Jenkins Master <----> Worker Docker Swarm Communication

Jenkins setup:

  • Current version: 2.440.2-lts
  • EC2 instances as part of ASG in AWS
  • Docker Swarm

Please help! We recently tried to upgrade the Jenkins controller version to 2.479.1, but there were compatibility issues with the worker nodes, which only were using JDK11(EC2 instances in the same VPC). As a result, we tried to roll back the changes using a previous snapshot and accidentally killed our whole Docker service stack, although the ec2 workers do still exist. We also had to replace the old controller nodes with new ones during the process of restoring from the snapshots. We are now at the point where the Jenkins controller UI comes up and is accessible, but any jobs get stick in the build queue, as it seems like the controller and workers nodes cannot communicate. It seems like the issue could be with the SSL certs, which are new. Has anybody ever had luck getting like emergency support? Or has anybody experienced a similar issue before and have any tips? Thanks in advance!

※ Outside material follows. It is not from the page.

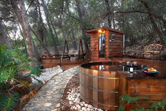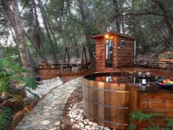 Sur Internet, vous pouvez trouver des idées inhabituelles pour construire un bain avec une piscine. La plupart d'entre eux impliquent de placer la police dans la rue à proximité immédiate du hammam. Cette piscine est protégée par des brise-vent sous forme d'arbres et d'arbustes. Des chemins de pavés sont aménagés autour du bol. Il est agréable de marcher dessus pieds nus et elle n'a pas peur de l'eau.

For info - all of the jobs get stuck in the build queue, saying that:
*Docker swarm agent for building part of » st-web-portal » PR-69 #2* *This agent is offline because Jenkins failed to launch the agent process on it.*

and the logs seem to indicate an issue with the SSL handshake:
[4:06:21 PM] Creating Service with Name : agt-prod-1208 java.net.SocketException: Broken pipe at java.base/sun.nio.ch.NioSocketImpl.implWrite(Unknown Source) at java.base/sun.nio.ch.NioSocketImpl.write(Unknown Source) at java.base/sun.nio.ch.NioSocketImpl$2.write(Unknown Source) at java.base/java.net.Socket$SocketOutputStream.write(Unknown Source) at java.base/sun.security.ssl.SSLSocketOutputRecord.encodeChangeCipherSpec(Unknown Source) at java.base/sun.security.ssl.OutputRecord.changeWriteCiphers(Unknown Source) at java.base/sun.security.ssl.ChangeCipherSpec$T10ChangeCipherSpecProducer.produce(Unknown Source) at java.base/sun.security.ssl.Finished$T12FinishedProducer.onProduceFinished(Unknown Source) at java.base/sun.security.ssl.Finished$T12FinishedProducer.produce(Unknown Source) at java.base/sun.security.ssl.SSLHandshake.produce(Unknown Source) at java.base/sun.security.ssl.ServerHelloDone$ServerHelloDoneConsumer.consume(Unknown Source) at java.base/sun.security.ssl.SSLHandshake.consume(Unknown Source) at java.base/sun.security.ssl.HandshakeContext.dispatch(Unknown Source) at java.base/sun.security.ssl.HandshakeContext.dispatch(Unknown Source) at java.base/sun.security.ssl.TransportContext.dispatch(Unknown Source) at java.base/sun.security.ssl.SSLTransport.decode(Unknown Source) at java.base/sun.security.ssl.SSLSocketImpl.decode(Unknown Source) at java.base/sun.security.ssl.SSLSocketImpl.readHandshakeRecord(Unknown Source)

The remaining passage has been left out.